In this case you will have to install Seurat for sure: BiocManager::install("Seurat")
8.4 Initialize the data
We need to load the table and create the Seurat object.
## Initialize the Seurat object with the raw (non-normalized data)
#We need to read the tables, change the file path accordingly
dm.1<- read.delim(file = "./single_cell_WT/REPLICATE1.dge.txt.gz", header=T)
dm.2<- read.delim(file = "./single_cell_WT/REPLICATE2.dge.txt.gz", header=T)
dm.3<- read.delim(file = "./single_cell_WT/REPLICATE3.dge.txt.gz", header=T)
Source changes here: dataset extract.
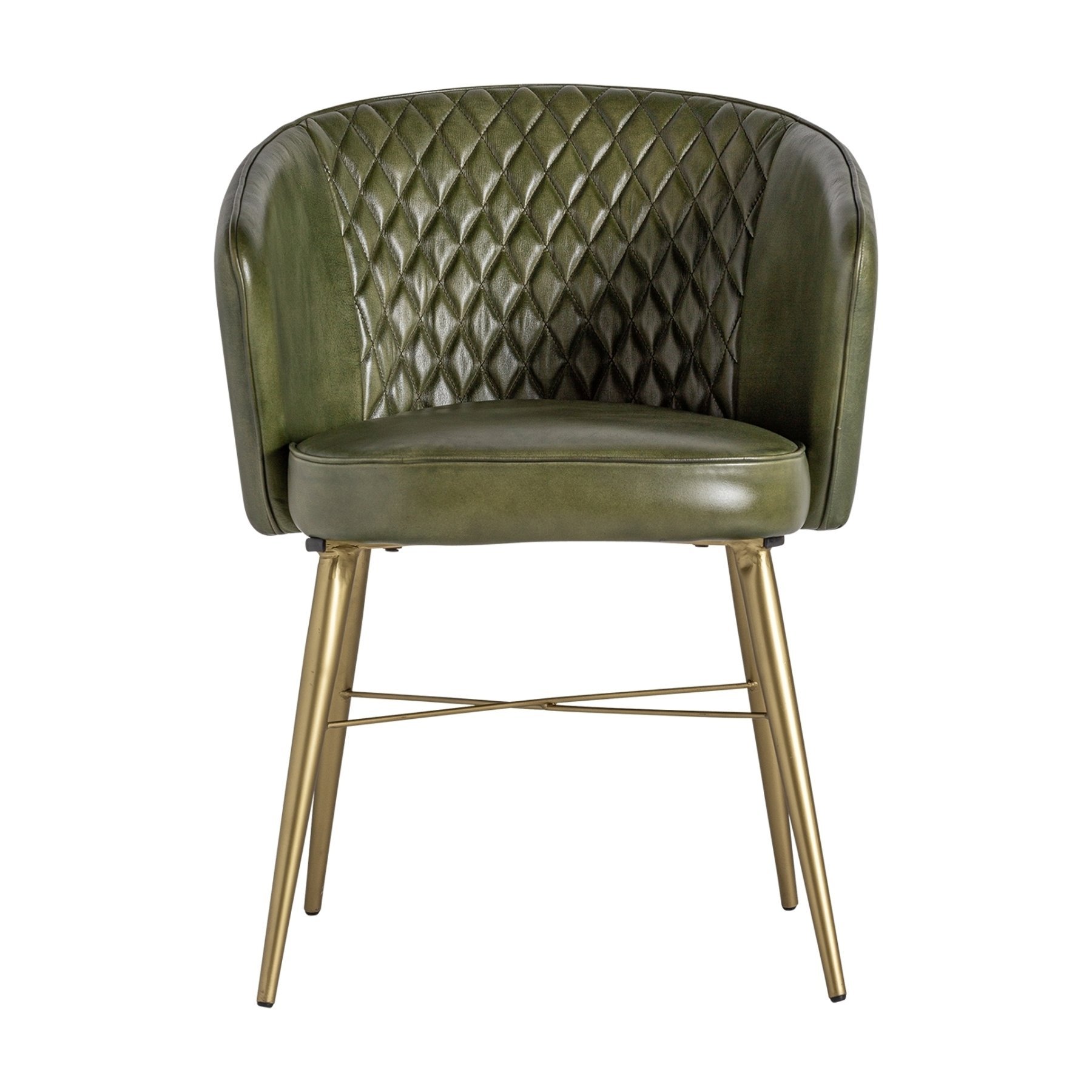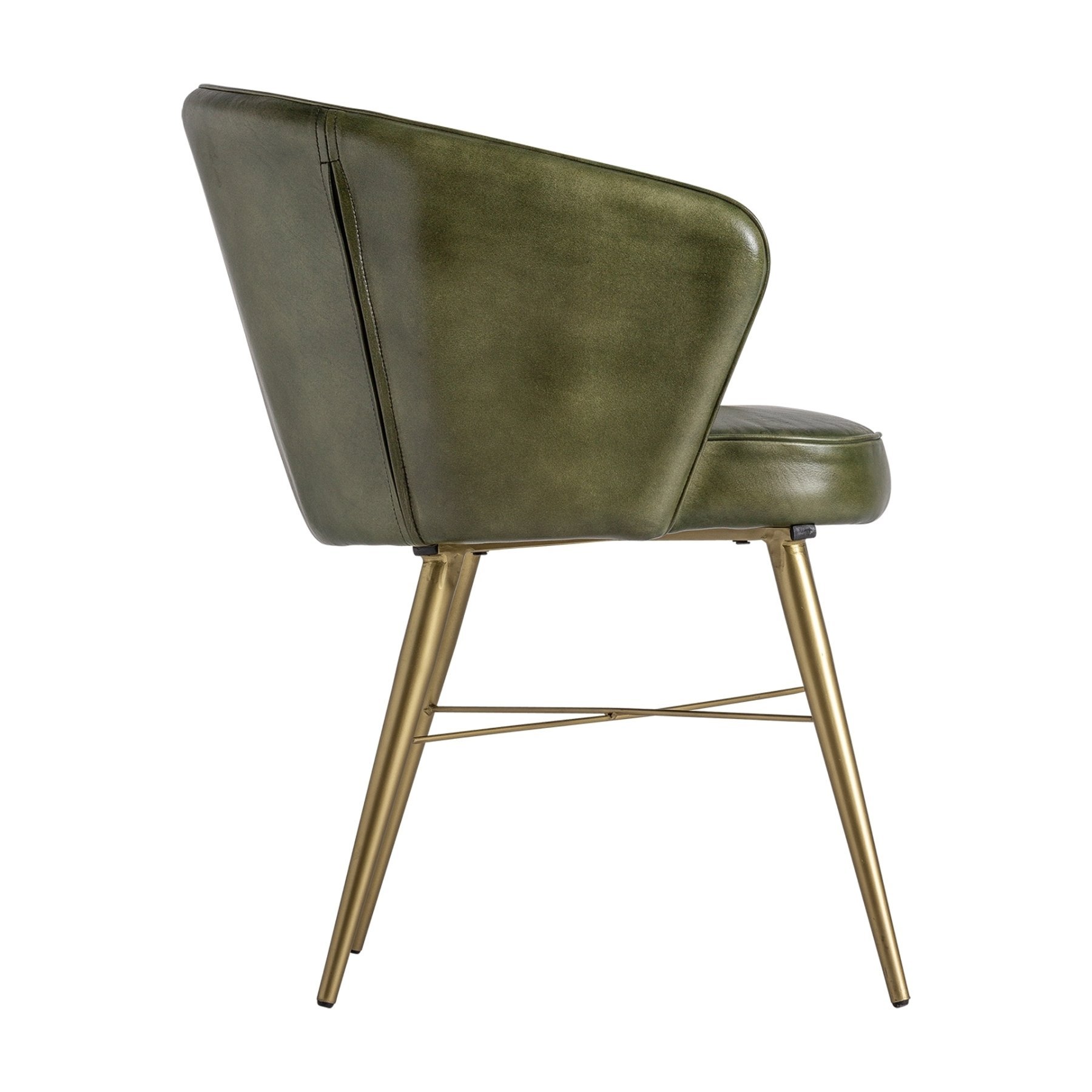 Кресло Muncie, цвет зеленый/золотой, винтажный стиль. Изготовлен из кожи в сочетании с древесиной сосны. Съемное изделие.

#And do some manipulation. This is to put the data in the right format.
#First, we remove the NA and replace it with 0.
dm.1[is.na(dm.1)] =0
dm.2[is.na(dm.2)] =0
dm.3[is.na(dm.3)] =0
#Then, we store the data in another object and modify that. We put then the "Gene" column as rowname.
d.dm.1 =dm.1
row.names(d.dm.1) = d.dm.1$GENE
d.dm.1 = d.dm.1[,-1]
d.dm.2 =dm.2
row.names(d.dm.2) = d.dm.2$GENE
d.dm.2 = d.dm.2[,-1]
d.dm.3 =dm.3
row.names(d.dm.3) = d.dm.3$GENE
d.dm.3 = d.dm.3[,-1]
#We finally initialize the Seurat object using this function:
DM.1<- CreateSeuratObject(counts = d.dm.1, project ="DM.1", min.cells = 3, min.features = 200)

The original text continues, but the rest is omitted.